Linda, you mentioned "The circle of life and death in a garden allows you to see how natural and inevitable death is for EVERY living thing, not just for us with cancer, but for all of God's living creations." How true those words are. I am a Jehovah's Witness and did not mention this before for fear of what people's views are about religion these days. I think you did mention also that you are not afraid of death. Well, the reason I mentioned that I am a Jehovah's Witness is that I would like to share the Bible's view on what death is and how it ties in nicely with the way you are thinking. This scripture is found at Ecclesiastes 9:5 "For the living are conscious that they will die; but as for the dead, they are conscious of nothing at all." So what the Bible is saying here is that death is a state of total unconsciousness. When someone dies they know nothing at all, no more pain or sorrow. The Bible also explains "His spirit goes out, he goes back to his ground; in that day his thoughts do perish." This is found at Psalm 146: 3, 4.
I don't want to bore you, but there is another scripture at Revelation 21: 4,5 And he will wipe out every tear from their eyes,and death will be no more, neither will mourning nor outcry nor pain be any more, the former things have passed away "And the One seated on the throne said "Look I am making all things new." Also, he says "write because these words are faithful and true." So Linda and all my other friends what God is saying here is that there will be a time when he will cleanse the earth and there will be a resurrection and we will all be in a paradise earth. Our dead loved one will be resurrected and will be able to see us again.
So my dear friends there is HOPE!!!!!!!!May our Grand Creator bless us all and give us the strength and wisdom to cope with the "circle of life and death" May all of us who read this post live to share the nuts of the LINDA'S HICKORY TREE. That's not asking too much !!!!!!By the way in the cleansed earth that God promises us everything will be organic.
Linda keep up the good work. Be well everyone. Lots of love. June. By the way, go to Myrtle beach and don't wear a wig, only the ignorant will stare.

Ro10's picture
Posts: 1579
Joined: Jan 2009

Gardening is a passion of mine ( or some may say an addiction). My gardens look so much better this year because I can spend some time in them. Last year I did not have the energy to spend much time in them because of radiation and chemo, so I admired them from a distance. That way I could not see all the weeds that were in the gardens. And they looked pretty good from a distance.
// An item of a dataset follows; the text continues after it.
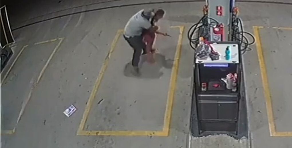 As imagens do circuito interno de câmeras de segurança mostram o momento em que o funcionário do posto reage à abordagem do suspeito, entra em luta corporal e toma a arma do assaltante.

Right now the daylilies are blooming and it is so colorful out all of my windows. I love the beauty of the daylily. I wish their bloom lasted for more than one day.

I have not been very successful with seeds, but love to see all the volunteer plants that appear in my gardens when Mother Nature or the birds plant the seeds.

May you continue to enjoy your gardens as the summer progresses. Enjoy your time at Myrtle Beach. I think it is wonderful you are willing to share your seeds.